Marvin Williams shows Leah Diamant a device that helps the user communicate.
Photos by Lane McLaughlin
Assistive technology specialist Marvin Williams shows UD student intern Leah Diamant a device that helps the user communicate.

ON THE GREEN | A center where people can come to borrow devices that use technology to help them cope with mobility, sensory, cognitive or communication limitations is now operating on the UD campus.

The New Castle County Assistive Technology Resource Center is part of the Delaware Assistive Technology Initiative (DATI) at UD’s Center for Disabilities Studies.

Since it was established in 1991, DATI has helped to bring about improvements to assistive technology access and use through research, training and leadership, says Lynn Okagaki, dean of the College of Education and Human Development, where the disabilities studies center is housed.
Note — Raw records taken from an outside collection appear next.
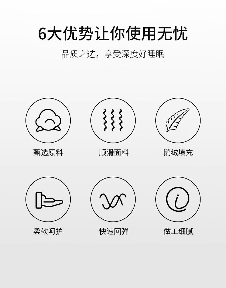 48*74cm (60g of 95% white goose down on the upper and lower layers; Middle layer: 1050g of white goose feather)-middle pillow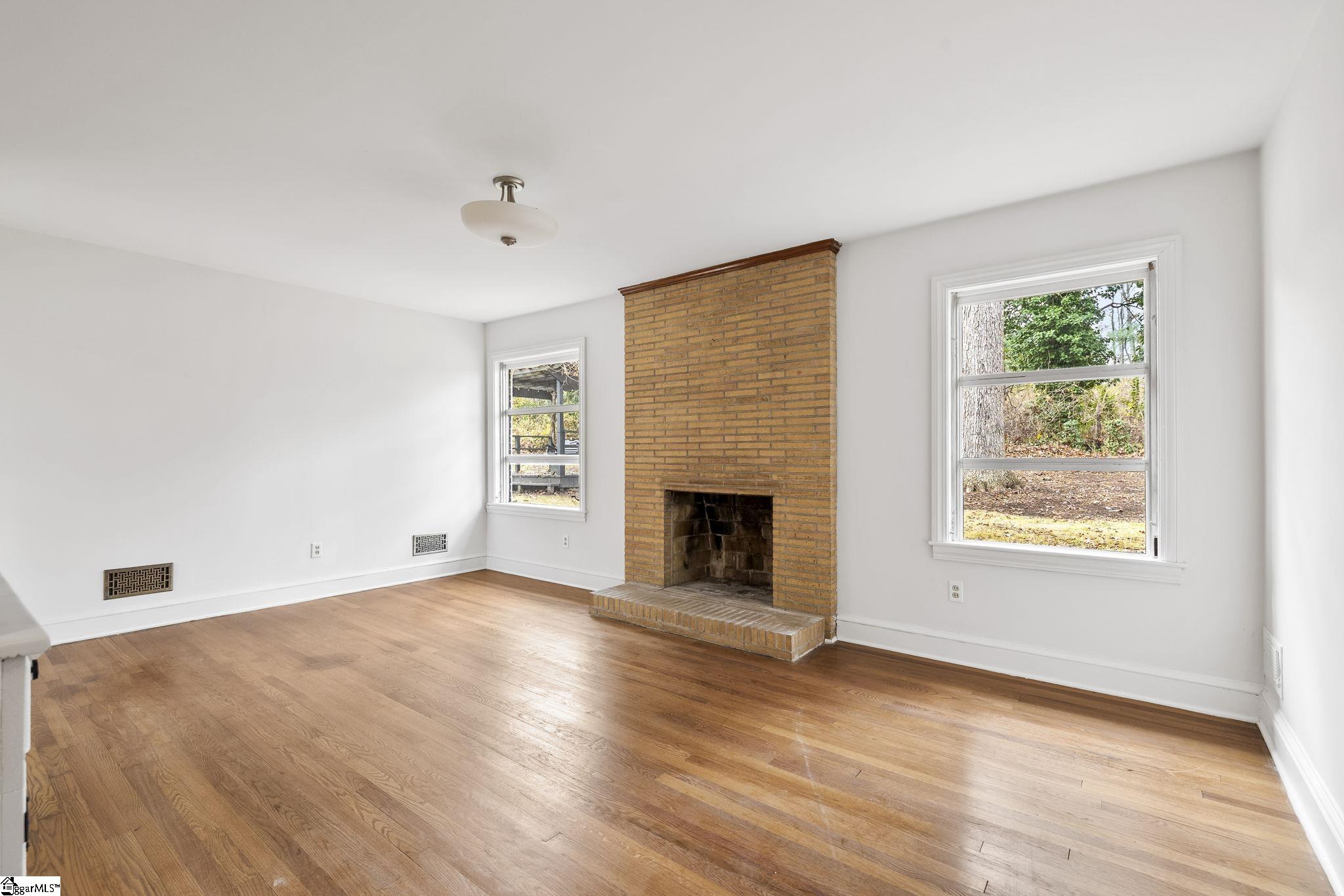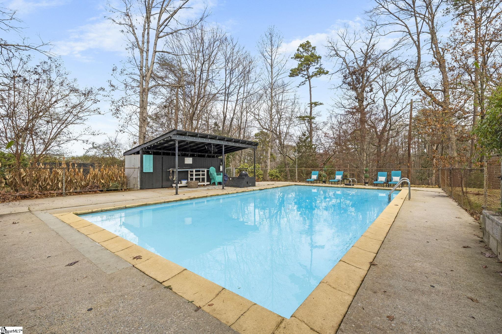 Private, one-level living at its finest! This all-brick ranch sits on 2.2 private acres and features an inviting inground pool, plenty of outdoor living space, and a flexible one-level floor plan. Inside, you'll find an expansive open-concept great room with a charming brick accent wall, wood-burning stove, and built-in bookcases—the perfect backdrop for everyday living or hosting gatherings. The sunny breakfast area with a bay window and window seat flows into the renovated kitchen, complete with quartz countertops, tile backsplash, bar seating, a deep sink, and a full stainless-steel appliance package, including a range hood. Off the kitchen is a versatile flex room ideal for a formal dining room, cozy den, or home office. A second wood-burning fireplace and a wall of built-ins add warmth and character. Two secondary bedrooms share a hall bath, while the primary suite offers a private renovated bath featuring oversized tile flooring, furniture-style vanity, and a tub/shower combo. The large laundry room provides easy access to both the carport and the backyard and features a built in bench with storage for backpacks, umbrellas and shoes. Outdoor living shines with privacy, space, and multiple entertaining areas. Parking is abundant with a one-car attached carport, extra parking pads, and a detached two-car garage with yard door—also perfect for a workshop. Enjoy evenings under the pergola with swing, ideal for after-dinner drinks, quiet date nights, or time with the kids. The inground pool includes ample patio space and a pool house with half bath, changing rooms, and storage. Located within walking distance to Mitchell Road Elementary and less than 10 minutes to interstate access, shopping, dining, and top-tier medical facilities. Welcome Home!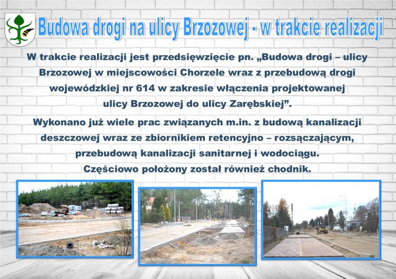 W trakcie realizacji jest przedsięwzięcie pn. "Budowa drogi - ulicy Brzozowej w miejscowości Chorzele wraz z przebudową drogi wojewódzkiej nr 614 w zakresie włączenia projektowanej ulicy Brzozowej do ulicy Zarębskiej".
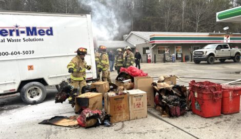 A firefighter removes boxes from a truck from Ameri-Med Medical Waste Solution that caught fire at the 7-11 on Harris Highway Thursday morning. (Photo by Art Smith)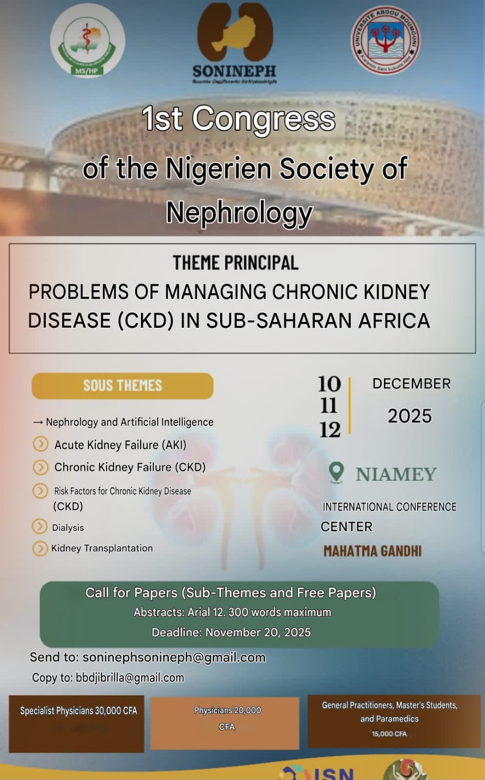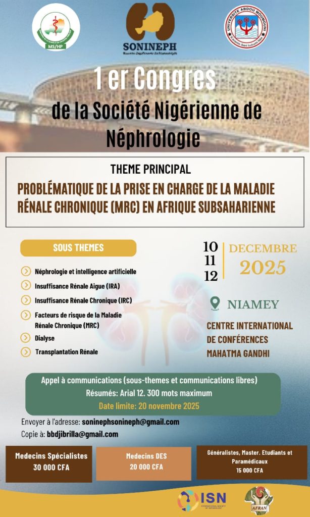 Le 1er congrès de la Société Nigérienne de Néphrologie se tiendra du 10 au 12 décembre 2025, au Centre International de Conférences Mahatma Gandhi de Niamey (Niger) sous le thème : « problématique de la prise en charge de la maladie rénale chronique (MRC) en Afrique subsaharienne ».

The initiative also provides key services including equipment demonstration, equipment loan, alternative financing and device reuse, she says.

“This is a tremendous resource for our citizens, helping provide them the tools they need in order to learn, work and play safely and independently, often at reduced or no cost,” Okagaki said at the opening of the new resource center last May.

Assistive technology device

“Having the [resource center] relocate to the Center for Disabilities Studies will also provide a tremendous resource for the University and the College of Education and Human Development. We are identifying ways to better integrate class work and field experience, to ensure our students are well-prepared as they enter their chosen field.”

Now that DATI is on campus, she said, it will be easier for its staff to teach graduate and undergraduate courses, such as those dealing with the use of technology and assistive technology in early childhood; provide guest lectures in courses across campus; support students interested in working with individuals with disabilities by offering experiential learning, including extended internships; and provide access to assistive technology equipment for projects, class demonstrations and personal use.

Devices available in the resource center include toys that play music or light up to provide sensory stimulation for young children, telephones with special displays or amplifiers for users who have difficulty hearing, computers with extra-large and colorful keys for people who are visually impaired and communication devices that “speak” when the user pushes a button to convey a particular message.

Marvin Williams, assistive technology specialist in the center, notes that people often consider a device to be assistive technology only when it is expensive. But he says he finds it challenging and fun to find a solution for somebody’s needs by using “something that’s already out there,” including mobile devices used by the general population and toys once considered high-tech that are now readily available on discount store shelves.

Among members of the UD community who plan to make use of the resource center is Cole Galloway, associate professor of physical therapy. He says physical therapists view their work as a way to empower people to increase their functionality, but they don’t often think of assistive technology in this way. The new center on campus will change that view, he predicts.

Galloway describes assistive technology as a “power chassis” that fits in with the daily functioning of all individuals as well as the academic mission of the University.

Kevin Chang, a student who is president of UD’s Biomedical Engineering Interest Group, attended the center’s open house with plans to work with the staff to develop a hands-on project “to see the effects of what we do” in biomedical engineering.